§ DATASET SECTION:
▶

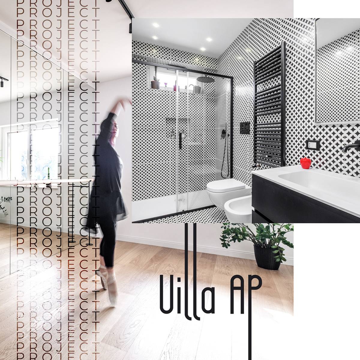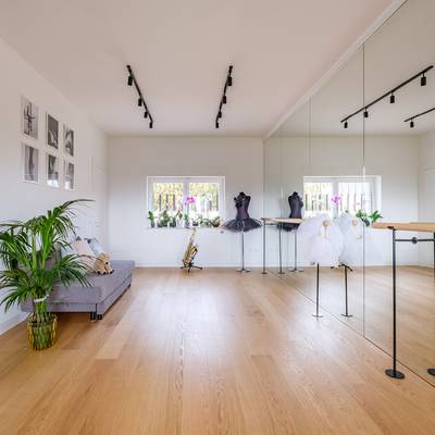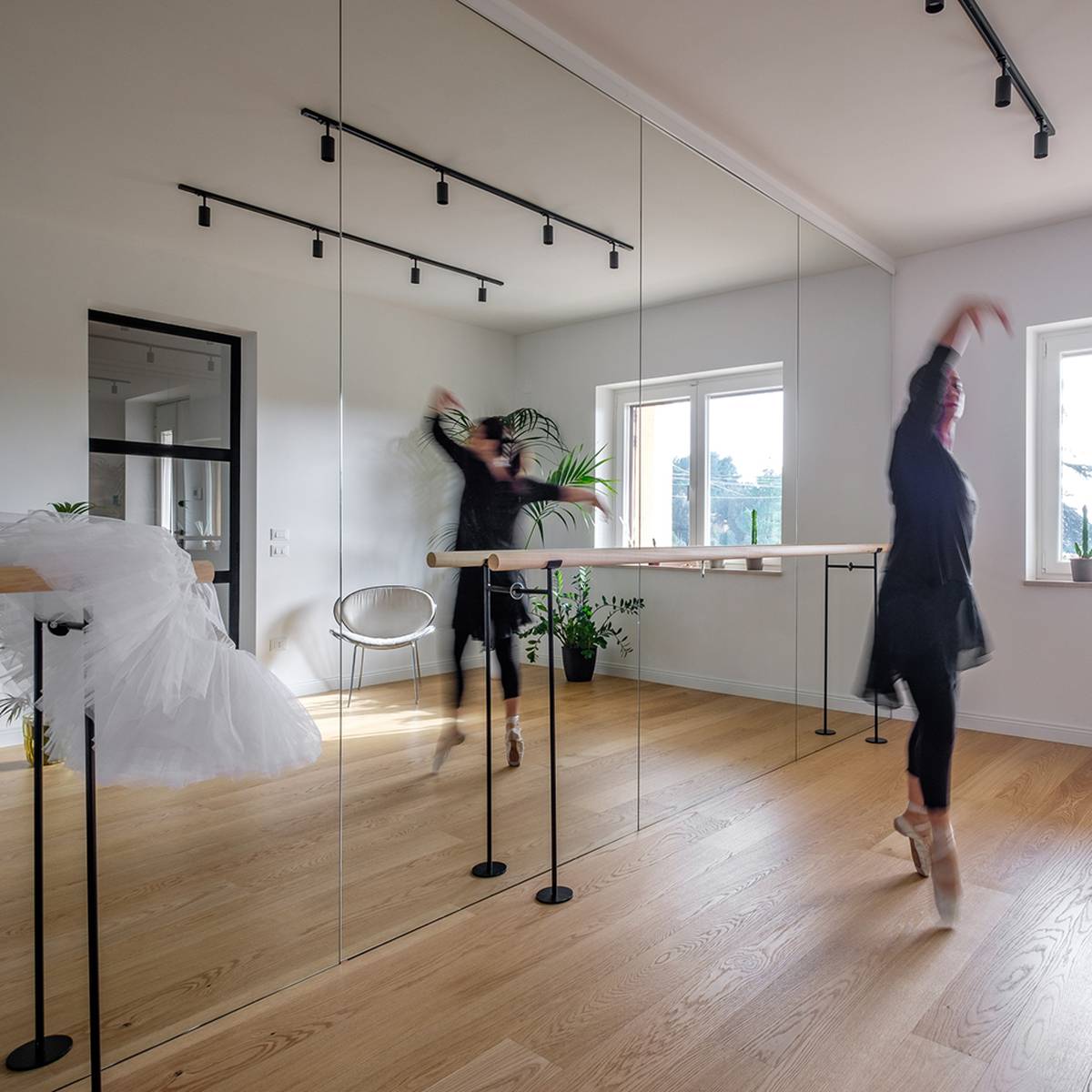L'élément caractéristique de l'ensemble du projet est la salle de danse, un espace lumineux de 20 mètres carrés avec un mur et un bar entièrement en miroir pour un parfait exercice de discipline.
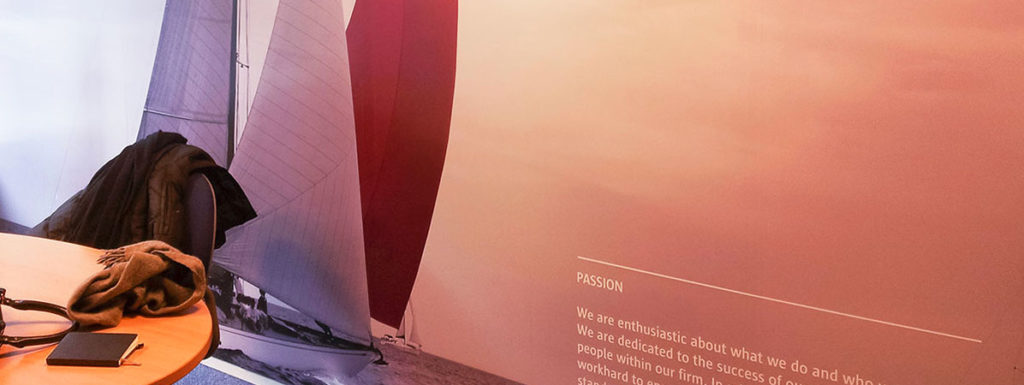 Création et impression avec encres écologiques de murs avec photos géantes. Ces adhésifs muraux ont ensuite été laminés avec un adhésif mat, lui permettant ainsi de le protéger et d’être lessivé à volonté.
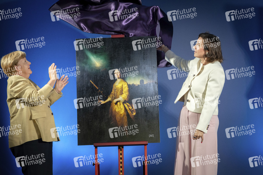 Angela Merkel und Dorothee Bär enthüllen das KI-generierte Bild von Maria Winkelmann-Kirch bei der Ausstellungseröffnung 'Unsichtbare Wissenschaftlerinnen - Versäumte Bilder' im Bundesministerium für Forschung, Technologie und Raumfahrt. Berlin, 16.09.2025
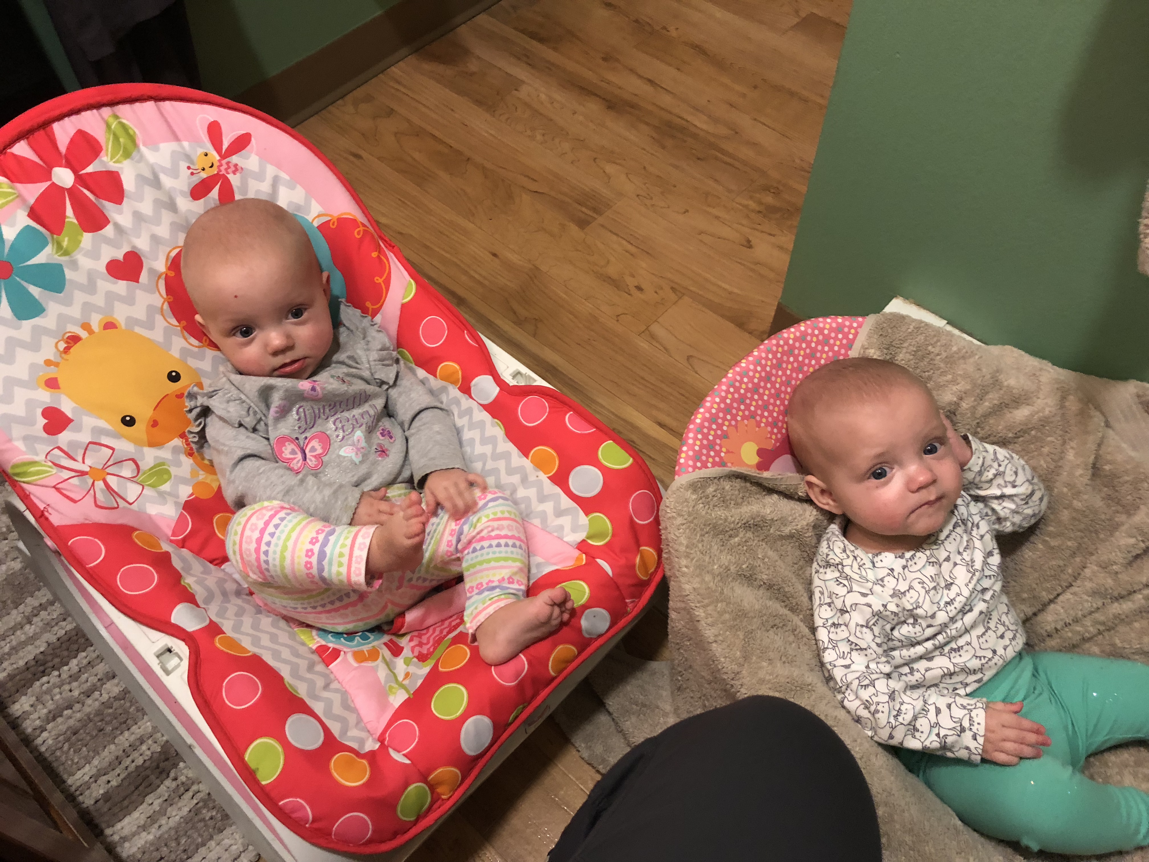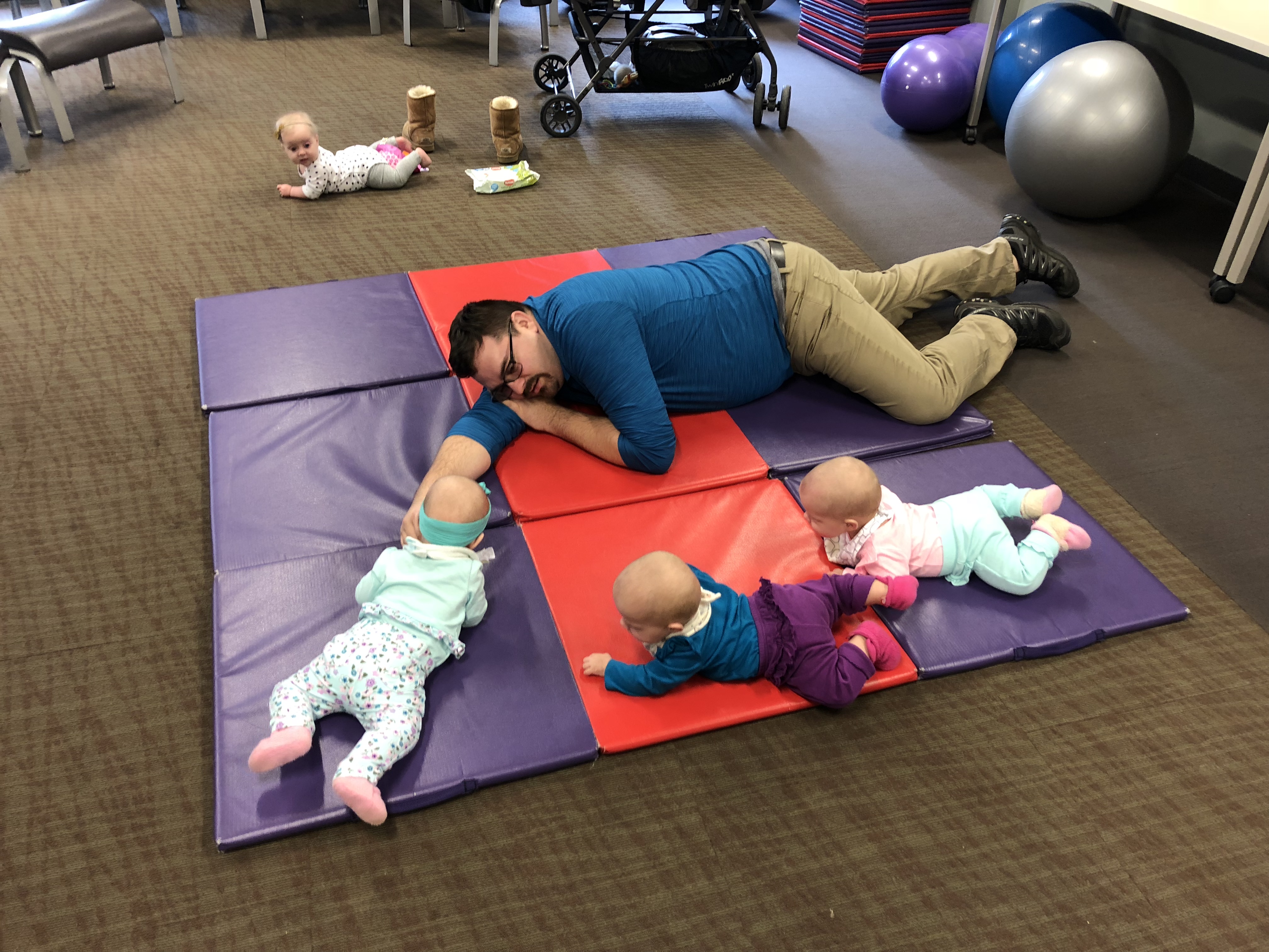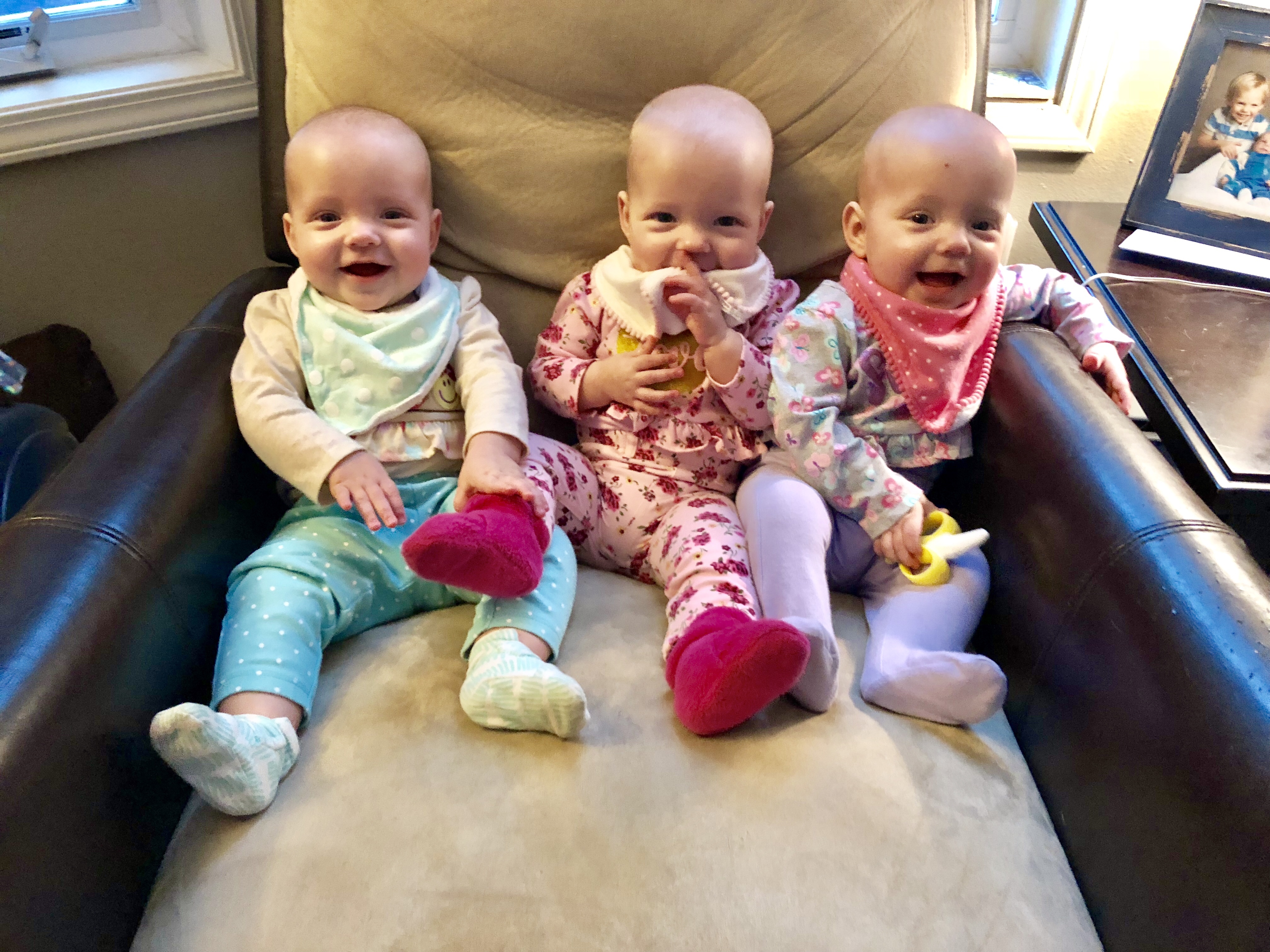 Each day we practice sitting up, eating baby food and hand eye coordination while playing with toys. We are just around the corner from them independently sitting up and playing, as they are getting pretty good at it (with mild help).

◀

Recreate the listing above word for word, dropping each picture it contains.

L'élément caractéristique de l'ensemble du projet est la salle de danse, un espace lumineux de 20 mètres carrés avec un mur et un bar entièrement en miroir pour un parfait exercice de discipline.
 Création et impression avec encres écologiques de murs avec photos géantes. Ces adhésifs muraux ont ensuite été laminés avec un adhésif mat, lui permettant ainsi de le protéger et d’être lessivé à volonté.
 Angela Merkel und Dorothee Bär enthüllen das KI-generierte Bild von Maria Winkelmann-Kirch bei der Ausstellungseröffnung 'Unsichtbare Wissenschaftlerinnen - Versäumte Bilder' im Bundesministerium für Forschung, Technologie und Raumfahrt. Berlin, 16.09.2025
 Each day we practice sitting up, eating baby food and hand eye coordination while playing with toys. We are just around the corner from them independently sitting up and playing, as they are getting pretty good at it (with mild help).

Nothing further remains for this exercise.